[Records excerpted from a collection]
--------
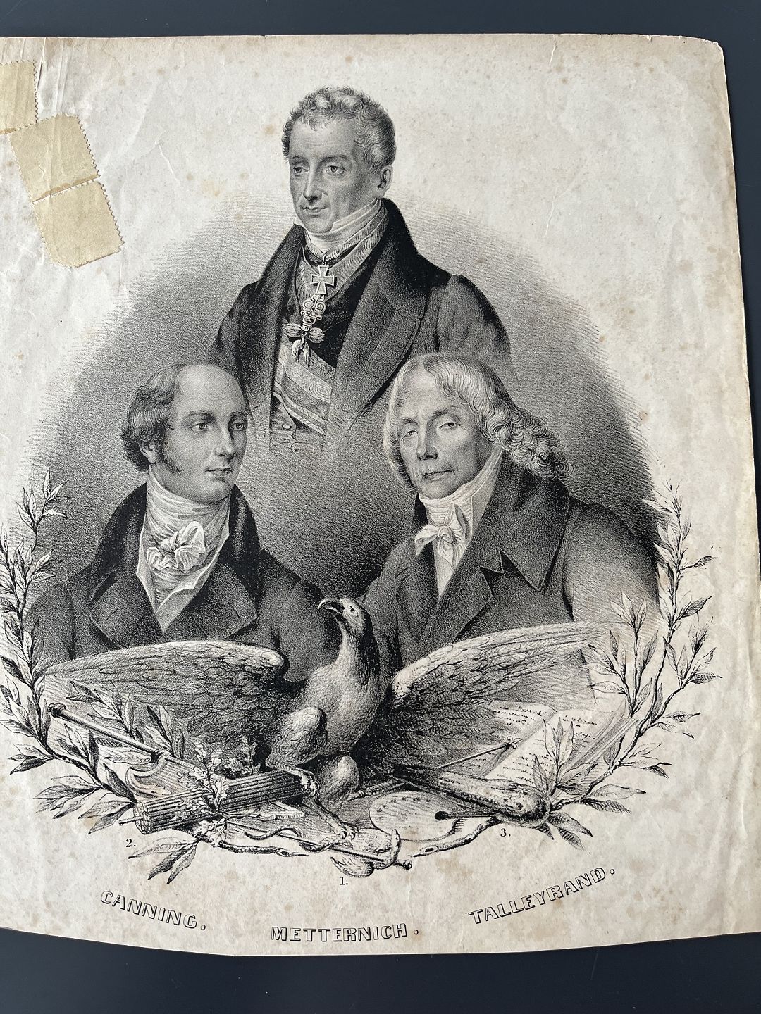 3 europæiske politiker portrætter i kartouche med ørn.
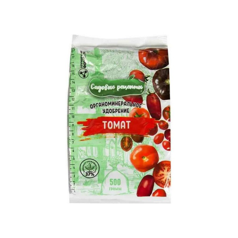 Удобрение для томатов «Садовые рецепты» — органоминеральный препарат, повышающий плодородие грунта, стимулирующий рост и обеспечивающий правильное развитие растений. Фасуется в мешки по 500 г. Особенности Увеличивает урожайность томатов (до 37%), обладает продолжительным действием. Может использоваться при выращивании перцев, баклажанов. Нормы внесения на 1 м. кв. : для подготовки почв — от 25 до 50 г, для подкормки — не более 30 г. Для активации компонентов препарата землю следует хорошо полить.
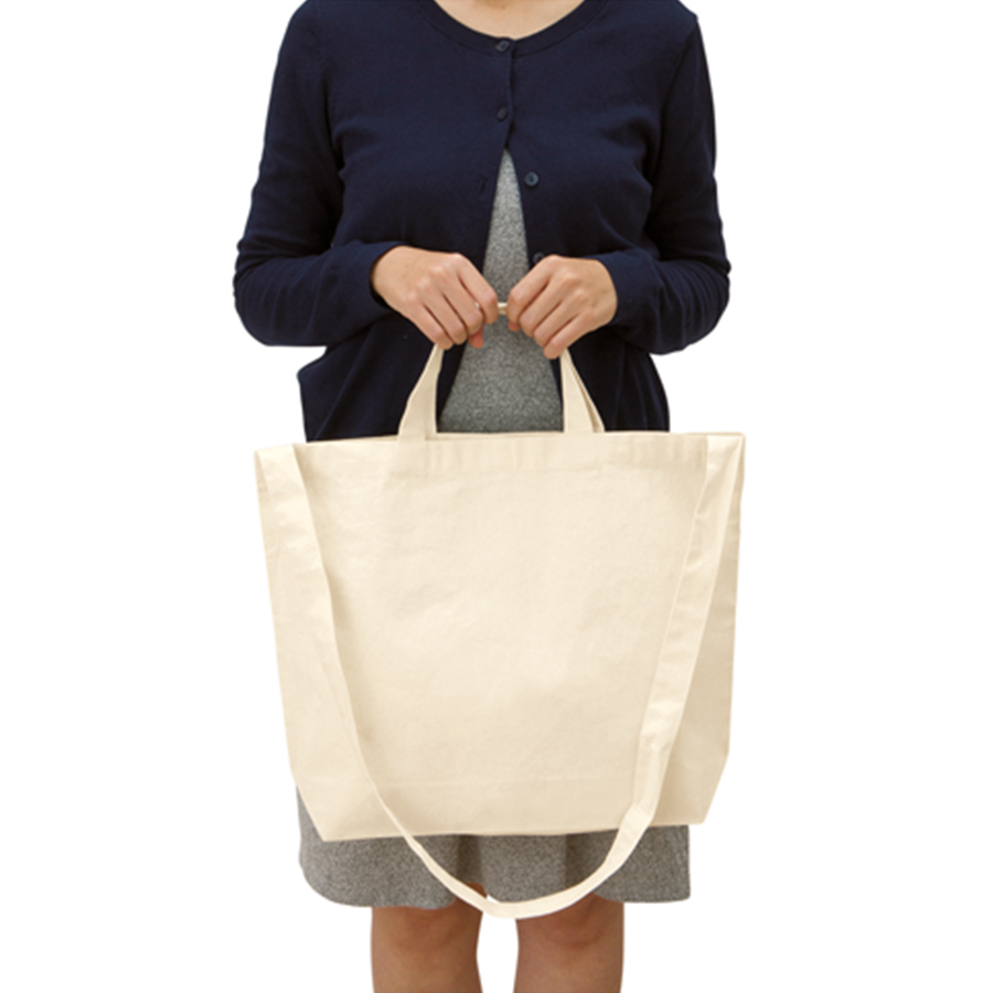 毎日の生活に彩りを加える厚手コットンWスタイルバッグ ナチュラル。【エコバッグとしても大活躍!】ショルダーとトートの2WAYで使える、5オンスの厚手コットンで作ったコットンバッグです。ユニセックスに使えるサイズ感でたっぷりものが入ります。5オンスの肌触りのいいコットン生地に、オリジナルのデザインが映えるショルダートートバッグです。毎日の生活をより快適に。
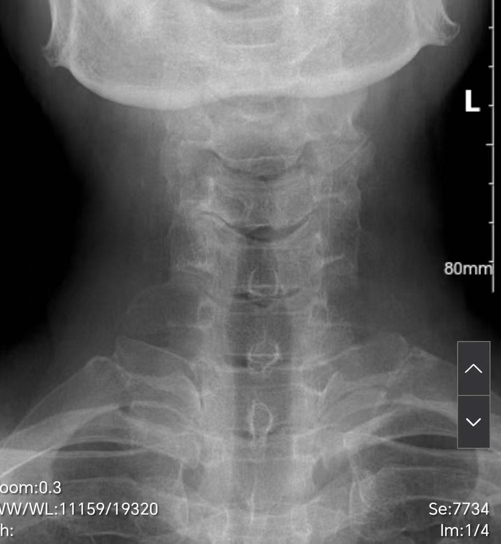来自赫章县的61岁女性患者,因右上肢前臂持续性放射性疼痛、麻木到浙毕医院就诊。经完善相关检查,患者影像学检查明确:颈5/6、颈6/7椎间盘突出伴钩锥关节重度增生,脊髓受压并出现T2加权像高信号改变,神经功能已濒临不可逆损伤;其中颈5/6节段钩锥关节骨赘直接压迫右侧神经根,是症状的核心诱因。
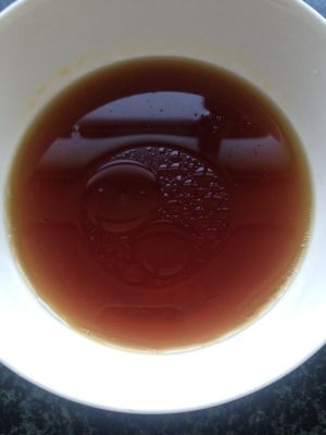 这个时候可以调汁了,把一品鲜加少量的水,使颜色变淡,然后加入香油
--------
● Required work
Every line from the one containing "来自赫章县的61岁女性患者,因右上肢前臂" to the final line of the records must be transcribed exactly, both ends included, with the pictures left out.

● Finished task
来自赫章县的61岁女性患者,因右上肢前臂持续性放射性疼痛、麻木到浙毕医院就诊。经完善相关检查,患者影像学检查明确:颈5/6、颈6/7椎间盘突出伴钩锥关节重度增生,脊髓受压并出现T2加权像高信号改变,神经功能已濒临不可逆损伤;其中颈5/6节段钩锥关节骨赘直接压迫右侧神经根,是症状的核心诱因。
 这个时候可以调汁了,把一品鲜加少量的水,使颜色变淡,然后加入香油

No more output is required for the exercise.